You have learned that carrier proteins can transport single molecules or multiple molecules coupled. Depending on the type, it is a uniport, symport or antiport.

Depending on the type of carrier protein, they can be involved in passive transport, primary active transport or secondary active transport. However, the functional principle of the carrier proteins is always the same.

Cotransporters, which are involved in active transport, are often referred to as pumps or ion pumps (e.g. sodium-potassium ion pump).

Properties of carrier proteins

carrier proteinschange their shape (conformational change) to transport molecules or charged ions from one side of the membrane to the other side.

Due to the change in conformation, molecules and ions are biomembrane smuggled. The conformational change is usually in response to the binding of their target molecule, which change moves the molecule to the opposite side.

Due to a specific binding site, carrier proteins are substrate-specific. This means that only a certain type of molecule, more precisely a group of structurally related molecules, can pass through the membrane through the carrier proteins.

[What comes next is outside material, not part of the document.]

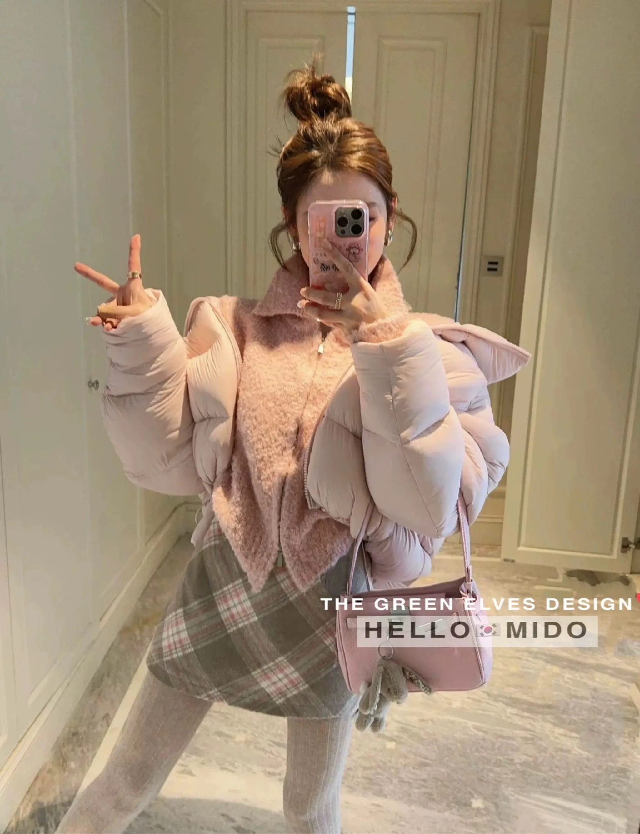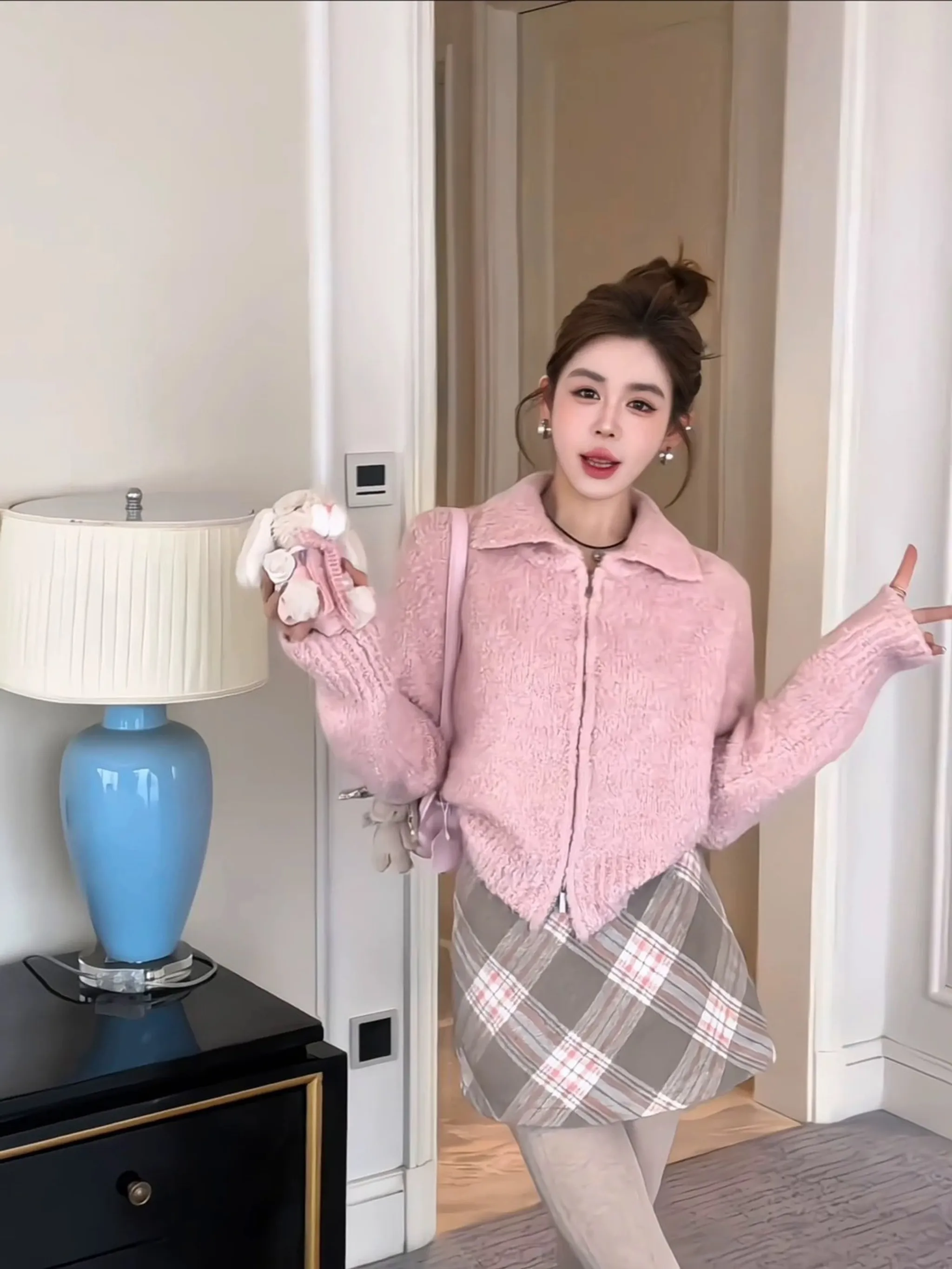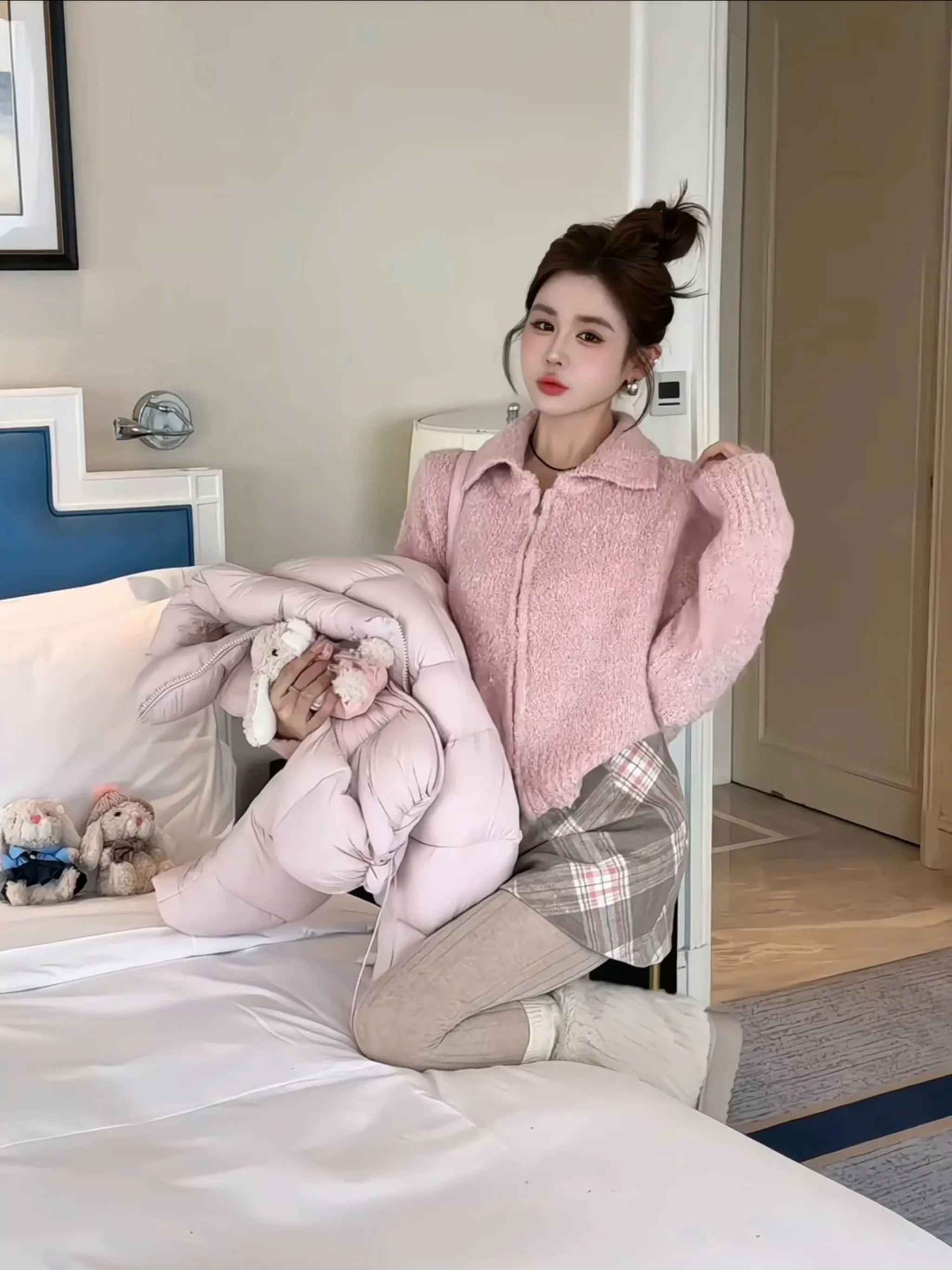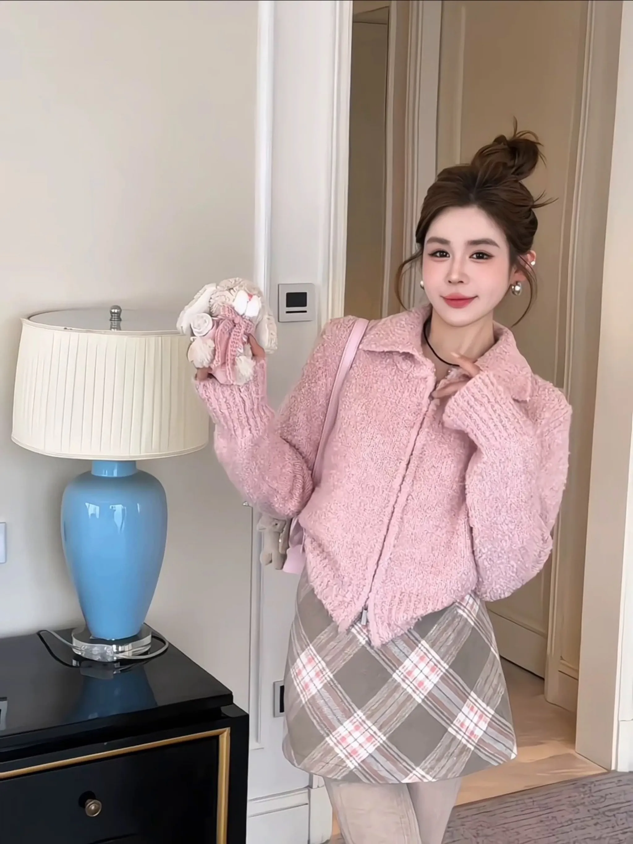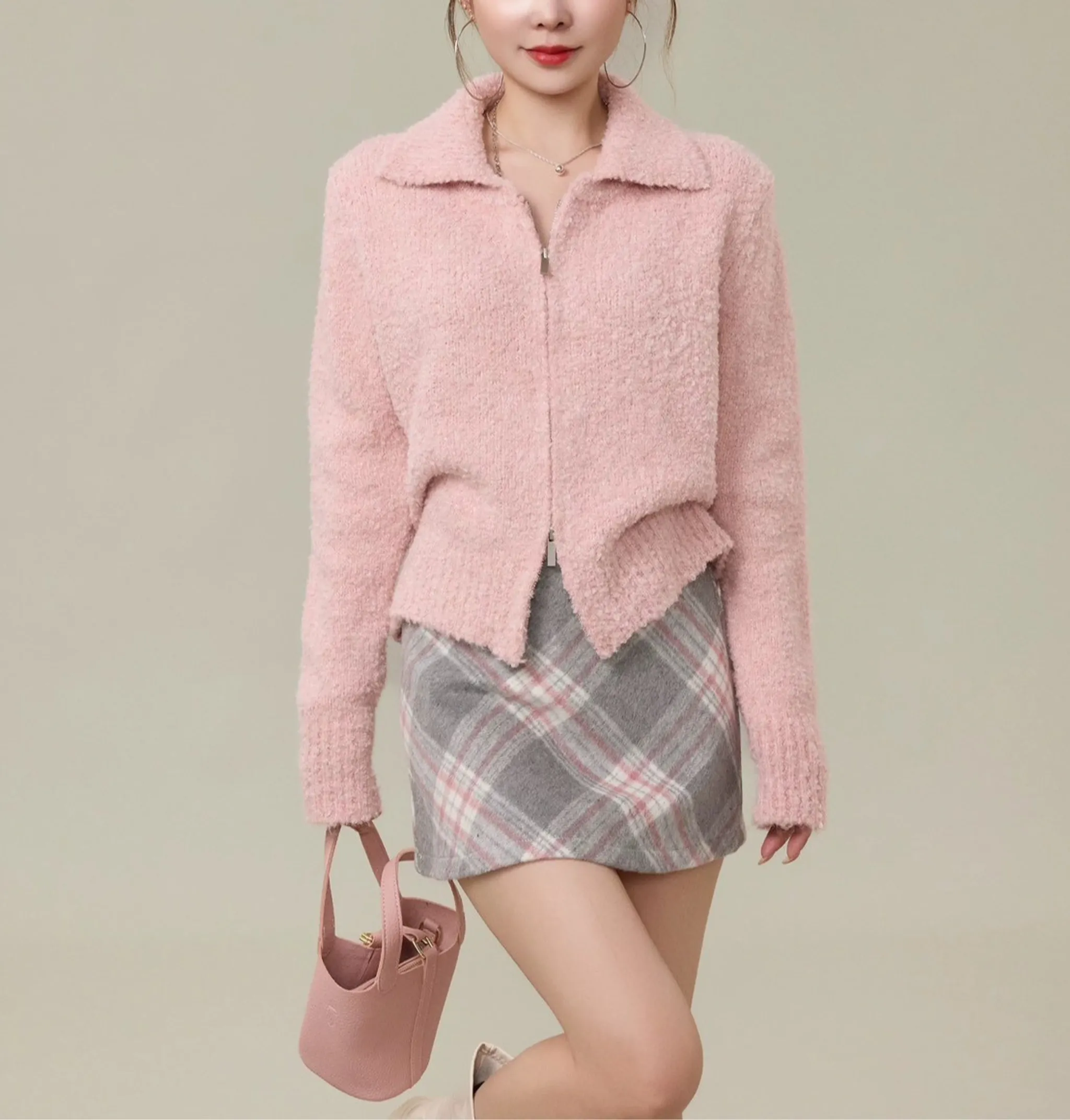 12/20收單-少女心~~顆粒感毛衣+格紋裙SET

Active Transport – The Most Important

  • Active transport describes the transport of substances through a biomembrane with the provision and consumption of energy.
  • Active transport enables the transport of molecules against the concentration gradient or the transport of charged ions against the electrochemical gradient.
  • The active transport of substances through the biomembrane can only take place with the help of transport proteins, which are stored in the biomembrane. These are so-called carrier proteins.
  • Carrier proteins can transport single molecules or several molecules coupled. Depending on the type, it is a uniport, symport or antiport.

  • In primary-active transport, the energy required for transport comes from the cleavage of adenosine triphosphate (ATP).

  • A co-transport (symport or antiport) of two or more molecules is a prerequisite for secondary active transport. The transport of molecules along the electrochemical gradient is coupled to the transport of molecules against their electrochemical gradient.

proof

  1. Chris (2012). Green row – metabolic physiology. Schroedel.
  2. Karp (2005). Molecular Cell Biology. jumper.